Si l’on observe le calendrier de la «Superligue» du golf européen, on constate qu’il prend en compte de nombreux et splendides tournois. On remarque également que Tiger Woods a remporté certains titres sur le PGA European Tour! Le plus incroyable, c’est que le numéro 1 mondial aurait remporté l’Ordre du Mérite s’il avait daigné devenir membre du circuit européen… Et cela en ne mettant les pieds qu’une seule fois en Europe, à l’occasion du British Open.
Comment cela est-il possible? Simplement parce que Woods remporte régulièrement des tournois du Grand Chelem et des épreuves du World Golf Championship, qui comptent à la fois pour l’US PGA Tour, mais également pour le PGA European Tour. Tiger a toujours trouvé absurde l’idée de faire partie d’un circuit sur lequel il ne serait pas présent régulièrement et c’est pourquoi il n’est pas officiellement inscrit: si bien que ses résultats ne sont comptabilisés que sur l’Ordre du Mérite américain et qu’il n’apparaît pas sur les tabelles européennes. Ses pairs du vieux continent lui en sont d’ailleurs assez reconnaissants…

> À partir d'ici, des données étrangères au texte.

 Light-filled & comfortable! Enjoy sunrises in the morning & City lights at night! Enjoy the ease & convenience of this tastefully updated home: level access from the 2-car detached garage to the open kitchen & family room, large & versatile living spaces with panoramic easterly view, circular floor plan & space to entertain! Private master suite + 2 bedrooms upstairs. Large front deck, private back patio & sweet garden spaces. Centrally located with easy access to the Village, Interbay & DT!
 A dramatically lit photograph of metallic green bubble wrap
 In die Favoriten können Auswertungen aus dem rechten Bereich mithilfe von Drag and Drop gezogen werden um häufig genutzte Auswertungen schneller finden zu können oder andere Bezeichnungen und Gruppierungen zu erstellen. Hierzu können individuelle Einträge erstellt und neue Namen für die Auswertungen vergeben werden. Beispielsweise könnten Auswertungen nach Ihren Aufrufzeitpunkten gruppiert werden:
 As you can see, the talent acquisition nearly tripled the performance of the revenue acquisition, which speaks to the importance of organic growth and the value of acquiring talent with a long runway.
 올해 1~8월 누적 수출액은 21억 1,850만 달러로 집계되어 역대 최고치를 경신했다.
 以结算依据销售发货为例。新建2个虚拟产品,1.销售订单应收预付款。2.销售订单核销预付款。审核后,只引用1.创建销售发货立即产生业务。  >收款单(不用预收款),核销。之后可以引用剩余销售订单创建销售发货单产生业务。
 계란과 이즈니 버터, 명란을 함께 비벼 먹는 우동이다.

Padraig et le British Open
Lors du Volvo Masters 2006 disputé bien entendu à Valderrama, l’Irlandais Padraig Harrington avait remporté l’Ordre du Mérite européen grâce à un putt manqué de Sergio Garcia. Une récompense qui n’a pas changé le fait que le sympathique Padraig préfère se consacrer aux épreuves les plus lucratives et les plus relevées aux EtatsUnis. Mais l’Europe s’est enflammée lorsqu’il a gagné le British Open en juillet dernier à Carnoustie, en battant Sergio Garcia – encore lui! – lors d’un dimanche sensationnel. Son public a quand même pu le suivre et l’applaudir deux fois en Irlande, une fois en Angleterre et en Ecosse. En revanche, à part Valderrama en Espagne et Helsinki en Finlande, il n’a jamais dû trouver un intérêt à visiter le continent! Pourquoi Helsinki? Parce que c’est là que se trouve le siège de la société Amer Sports, propriétaire de Wilson, son équipementier. On constate donc amèrement un désintérêt des meilleurs joueurs, européens ou non, pour le PGA European Tour.

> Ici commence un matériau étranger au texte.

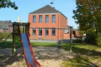 Ebenfalls vorhanden ist eine weitläufige Hofanlage, die früher als Schulhof diente sowie Picknick-Plätze, eine Tischtennisplatte, ein Spielplatz und ein Basketballfeld.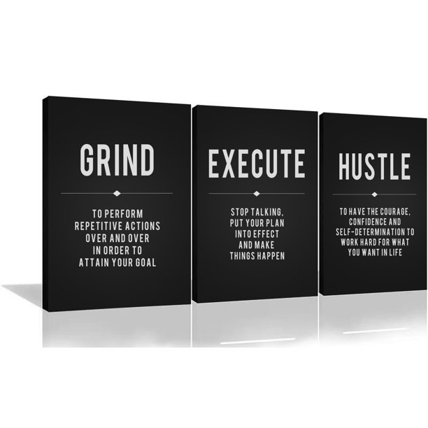 Motivational Wall Art Office Decor Positive Quote Posters Hustle Black Prints 3 Pieces Ready To Hang 12 X16 X3 Panels Walmart Com
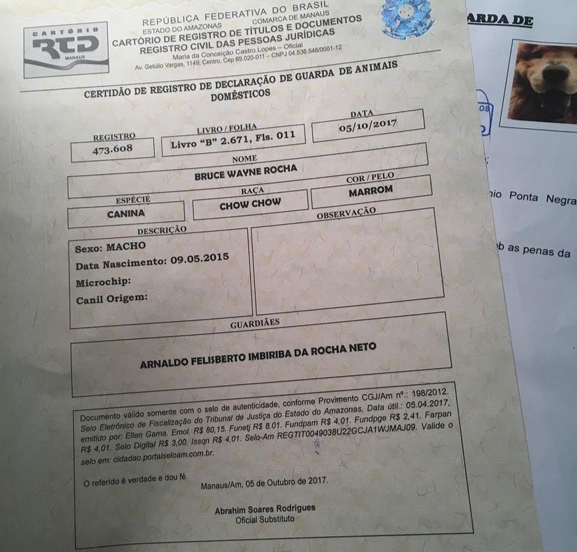 “Depois de alguns dias após essa reunião, ele considerou que o melhor era que o Bruce ficasse comigo. A reunião foi extrajudicial, mas depois que ele topou abrir mão, fui ao cartório fazer o registro de posse, que é bem interessante e deveria ser uma obrigação, porque você assina um documento e ganha uma certidão, onde você tem obrigações de manter o animal saudável, bem alimentado, vacinado, seguro, com visitas regulares ao médico veterinário, e é responsabilizado por qualquer situação de maus-tratos com o animal ou qualquer prejuízo que ele cause para outra pessoa”, completa Rocha.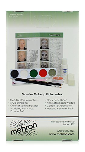 Mehron Premium Monster/Frankenstein Character Kit has all the makeup and supplies to dress up as Frankenstein or a monster of your choice. Mehron has a rich heritage of creating professional character makeup since 1927. Dress up like a pro by simply following the step-by-step instructions from professional artists. Includes: 5-Color Makeup Palette, Colorset Powder, Modeling Putty/Wax, Pencil Liner, Powder Puff, Non-Latex Triangular Foam Wedge, Cosmetic Brush and step-by-step instructions.Feature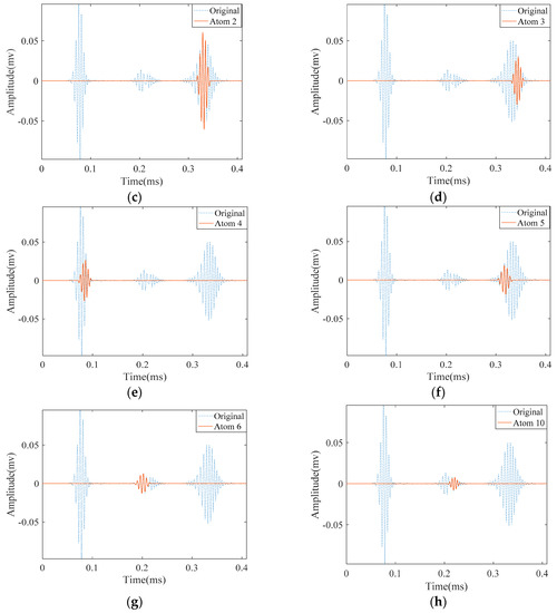 Results obtained by applying MP to the simulation signal in a pipe with the 27 mm length notch: (a) the original signal; (b) approximated atom 1—the direct signal; (c) approximated atom 2—the reflection from the pipe end; (d) approximated atom 3—the reflection from the pipe end; (e) approximated atom 4—the direct signal; (f) approximated atom 5—the reflection from the pipe end; (g) approximated atom 6—the reflection from the first edge of notch; and (h) approximated atom 10—the reflection from the second edge of notch.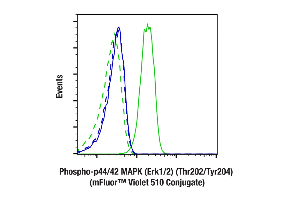 Phospho-p44/42 MAPK (Erk1/2) (Thr202/Tyr204) (197G2) Rabbit Monoclonal Antibody (mFluor™ Violet 510 Conjugate) detects endogenous levels of p44 and p42 MAP Kinase (Erk1 and Erk2) when dually phosphorylated at Thr202 and Tyr204 of Erk1 (Thr185 and Tyr187 of Erk2), and singly phosphorylated at Tyr204. This antibody conjugate does not cross-react with the corresponding phosphorylated residues of either JNK/SAPK or p38 MAP kinase.

Mais il faut bien admettre que le circuit américain est mieux rémunéré, mieux organisé, mieux adapté aux conditions météorologiques. Et les choses ne sont pas près de changer, notamment depuis la révolution de la FedEx Cup. Si ce n’est pas forcément un avantage pour les EtatsUnis, c’est assurément un inconvénient pour l’Europe… Et les organisateurs de l’Omega European Masters l’ont constaté en septembre dernier, puisque la date de l’Open suisse tombait en plein milieu des playoffs américain, là où les grandes stars du golf étaient toutes occupées à courir derrière le bonus de 10 millions de dollars et peu intéressées à venir passer une semaine en Valais, serait-ce sur le magnifique parcours de Crans-Montana, au milieu de montagnes non moins magnifiques. Mais qui ont donc été les gagnants des tournois européens disputés en Espagne, France, Suède ou Allemagne? Et quel a été leur impact dans l’Ordre du Mérite?
Le véritable Ordre du Mérite
Cette saison, Ernie Els s’est produit 18 fois sur le circuit européen, pour s’installer en tête de l’Ordre du Mérite avant la finale qui s’est déroulée le premier week-end de novembre à Valderrama. Mais le géant sud-africain s’est permis le luxe de bouder ce tournoi, au profit du Barclays Singapore Open, qui est l’un des plus gros tournois du circuit asiatique et qui réunissait une brochette de joueurs –notamment européens… – impressionnante. Ce désintérêt pour le Tour européen ne va certainement pas nuire à sa popularité, mais cela stigmatise quand même une tendance inquiétante. Et le fait qu’il ne soit pas parvenu à franchir le cut à Singapour ne correspond pas à sa plus belle action de relations publiques! S’il dispose toujours de l’un des plus beaux swings du circuit, il nous avait habitué à mieux. Est-il en train de mourir en beauté ou s’estil juste contenté d’aller prendre un gros chèque pour sa participation?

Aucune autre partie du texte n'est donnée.